The highly selective resistance profile of SugE toward specific quaternary ammonium compounds involves several molecular mechanisms:
Structural Determinants: The protein's transmembrane domains likely contain specific binding sites that accommodate certain QAC molecular structures while excluding others. The quaternary ammonium moiety provides a positive charge that interacts with negatively charged amino acid residues within the protein's transport channel .
Recognition Elements: SugE appears to recognize specific structural elements in quaternary ammonium compounds beyond just the charged group. This selectivity suggests the presence of additional binding pockets or recognition sites within the protein that interact with particular chemical groups on the QAC molecules .
Efflux Mechanism: As part of the SMR family, SugE likely utilizes proton motive force to drive the export of toxic compounds. The specificity of this mechanism may depend on precise coupling between proton translocation and substrate binding, which only occurs efficiently with certain QAC structures .
Oligomerization State: Evidence suggests that SMR family members function as homooligomeric complexes. The quaternary structure of SugE may create a specific transport channel geometry that accommodates only certain QAC configurations .
This narrow substrate specificity distinguishes SugE from broader-spectrum multidrug resistance transporters and suggests it evolved to address specific environmental challenges rather than providing general protection against diverse antimicrobials.
Studying SugE function requires distinct experimental approaches for planktonic versus biofilm growth conditions, as significant differences in resistance phenotypes have been observed between these growth modes:
Planktonic Growth Experimental Design:
Culture Preparation: Standard liquid cultures in nutrient-rich media with appropriate antibiotic selection for plasmid maintenance.

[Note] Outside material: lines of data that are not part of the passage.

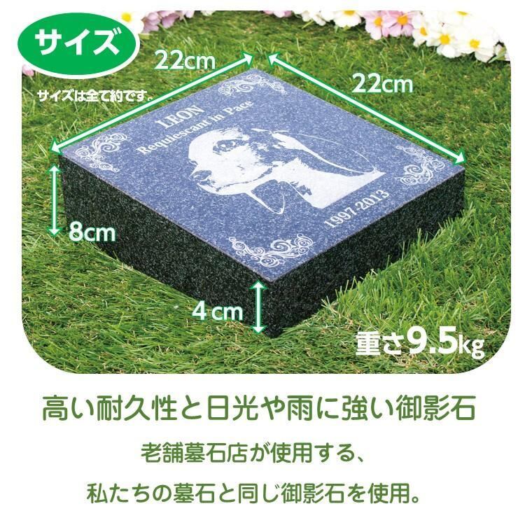 ペットの本格的なお墓、在りし日の面影を 御影石に彫刻するメモリアルストーン。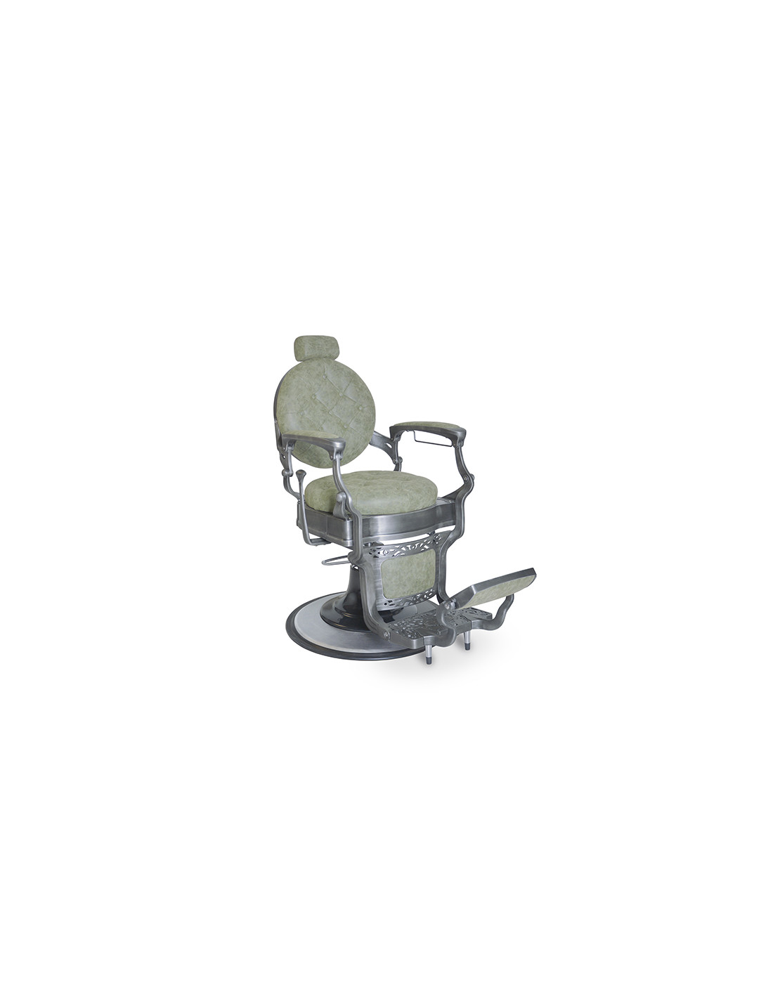 Original sillón de barbero. Tapicería en verde envejecido estructura cromada. Estilo vintage como las antiguas barberías. Combínalo con el tocador Varys.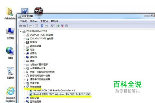 点击“设备管理器”后,在弹出的列表中,找到你的无线网卡程序,如图所示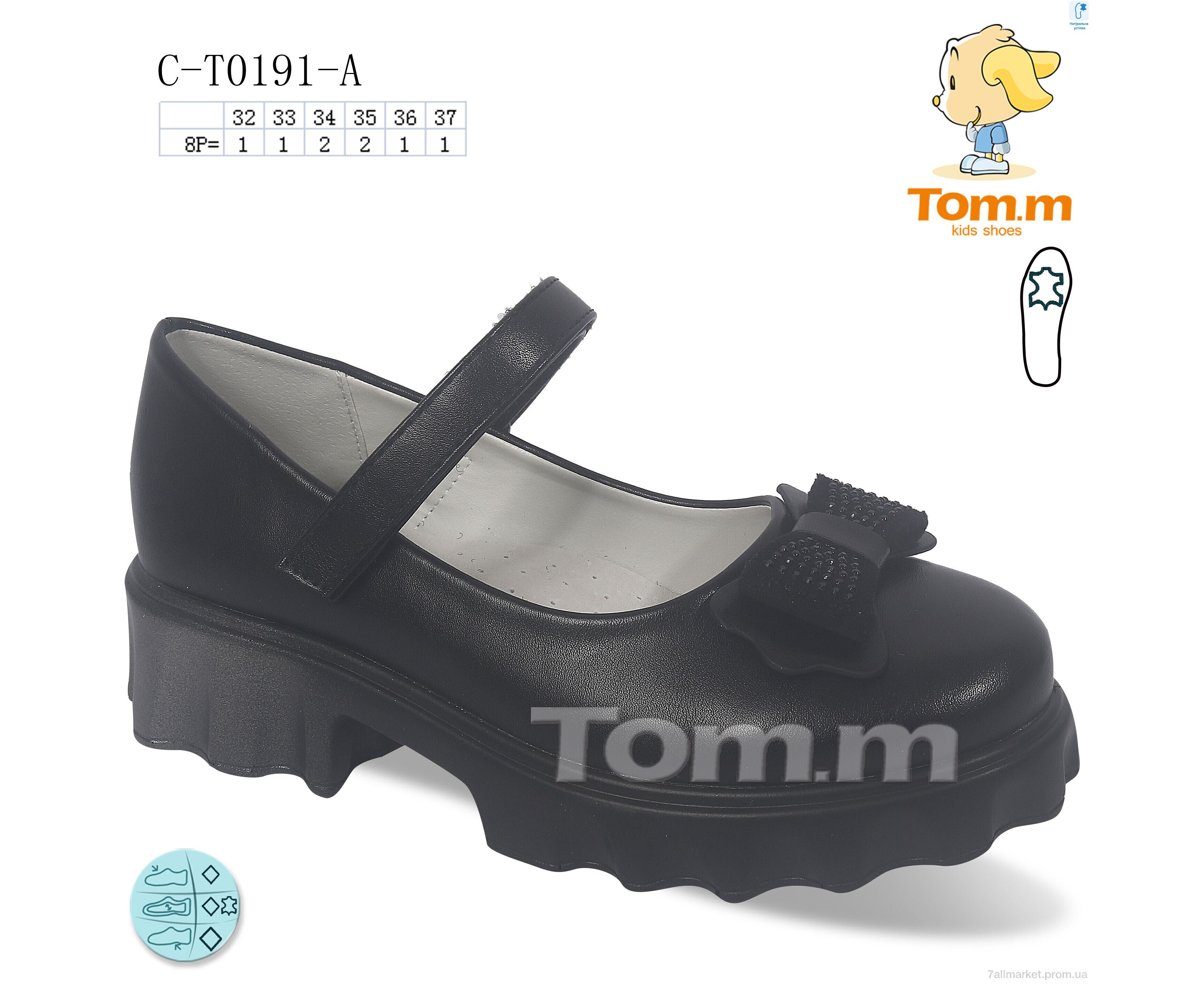 Туфлі дитячі зручні Весна/осінь C-T0191-A (8 пар р.32-37) "TOM.M" недорого оптом від прямого постачальника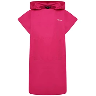 Adore Kids Changing Robe Quick Drying With Hood and Pocket Poncho Towel Ideal For Beach Swimming Surfing, Pink, Age 10 13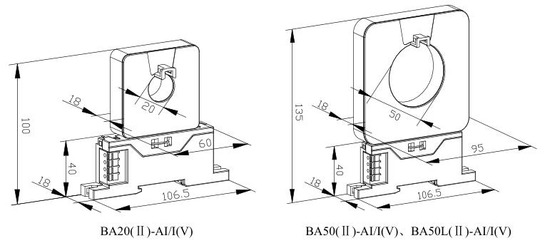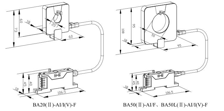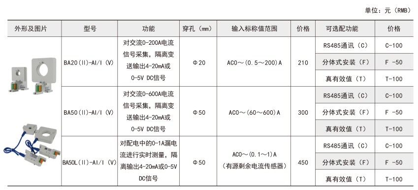 智能型BA系列電流傳感器應用電磁感應原理,對電網中的交流電流進行實時測量,采用恒流和線性補償技術,將其隔離變換為標準的直流信號輸出,或通過RS485 接口(Modbus-RTU 協議)將測量數據進行傳輸。DC24V 或12V 安全電壓供電,可廣泛用 于工業自動化領域。BA50L(Ⅱ)-AI 為交流剩余電流互感器,主要檢測用電系統的漏電流,能隨時掌握電氣線路和設備的情況,防止因漏電而發生的火災等事故。

Expression Induction: Controlled expression using inducible promoters (e.g., BAD promoter with arabinose induction in pBAD24 vector systems) .

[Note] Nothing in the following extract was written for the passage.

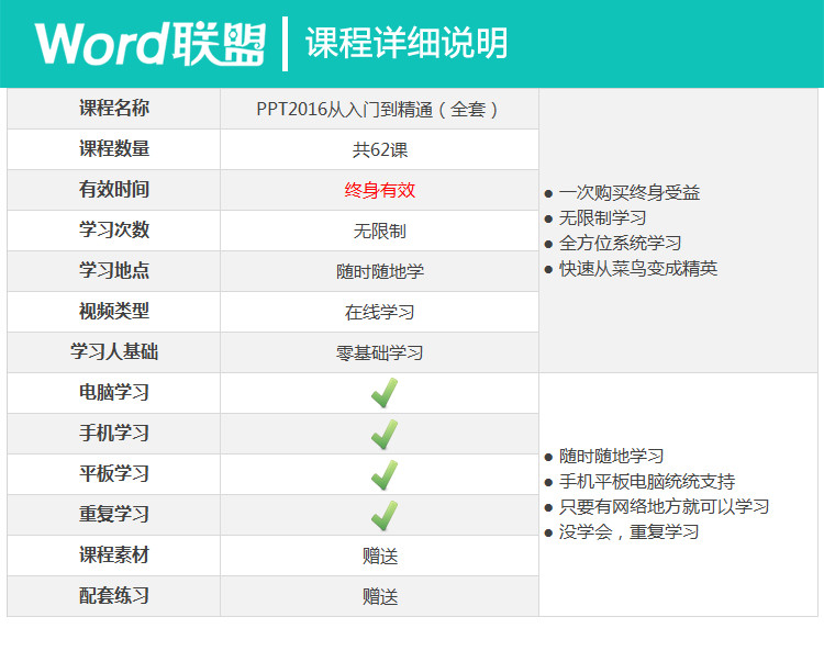 3、課程支持 電腦 、 、 平板 等任何設(shè)備學(xué)習(xí)!很少購(gòu)買很長(zhǎng)時(shí)間有效,終身學(xué)習(xí)!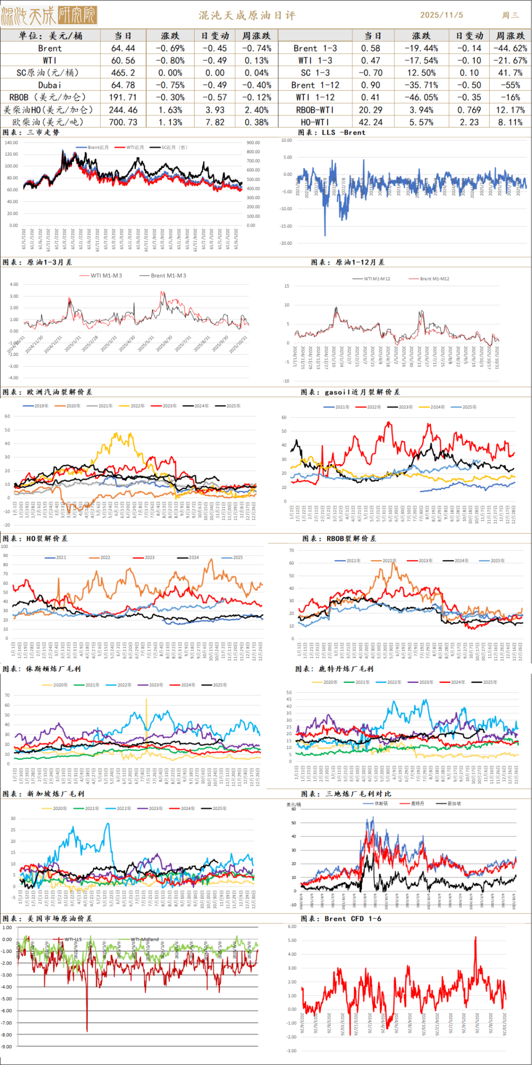 库存价差:截至10月31日,EIA原油库存上涨652万桶/日,汽油库存下降565万桶/日,馏分油库存下降246万桶/日。

Minimum Inhibitory Concentration (MIC) Determination: Serial dilutions of QACs in liquid media with standardized cell densities to determine the concentration at which growth is inhibited.

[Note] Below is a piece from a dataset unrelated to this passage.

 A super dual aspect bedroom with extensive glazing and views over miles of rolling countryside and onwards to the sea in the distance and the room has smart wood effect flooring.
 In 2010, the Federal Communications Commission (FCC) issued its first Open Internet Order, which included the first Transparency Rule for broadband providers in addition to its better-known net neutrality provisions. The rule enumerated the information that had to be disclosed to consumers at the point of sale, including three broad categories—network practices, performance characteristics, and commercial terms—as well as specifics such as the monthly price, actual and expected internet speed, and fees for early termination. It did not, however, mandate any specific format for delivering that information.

Growth Kinetics: Monitoring growth rates in the presence of various QAC concentrations using spectrophotometric measurements.
Biofilm Growth Experimental Design:
Biofilm Formation: Static cultures in appropriate vessels (microtiter plates, flow cells, or specialized biofilm reactors) allowing attachment and biofilm development over 24-72 hours.
Expression Control: Careful regulation of inducer concentrations within the biofilm, potentially requiring different concentrations than planktonic cultures due to diffusion limitations.
Biofilm Quantification: Crystal violet staining and biomass quantification to assess biofilm development under various QAC concentrations.
Viability Assessment: Fluorescent viability staining (e.g., LIVE/DEAD staining) and confocal microscopy to visualize spatial patterns of resistance within the biofilm structure.
Biofilm Resistance Testing: Modified susceptibility testing methods such as Minimum Biofilm Eradication Concentration (MBEC) assays rather than standard MIC tests.
Research has shown that gdx and sugE(p) transformants specifically demonstrate significant increases in QAC resistance when grown as biofilms, suggesting that the protein's function may be enhanced in biofilm settings . This finding highlights the importance of testing resistance phenotypes in both growth modes to fully characterize SugE functionality.
A comprehensive Sequential Design of Experiments (SDOE) approach would significantly enhance the characterization of SugE substrate specificity:
Initial Exploratory Phase:
Candidate Compound Selection: Establish a diverse library of quaternary ammonium compounds with systematic structural variations in:
Alkyl chain length
Head group structure
Side chain functionalization
Degree of symmetry in the molecule
Space-Filling Design: Implement an initial space-filling design to broadly explore the chemical space of potential substrates, selecting representative compounds that maximize coverage of structural diversity .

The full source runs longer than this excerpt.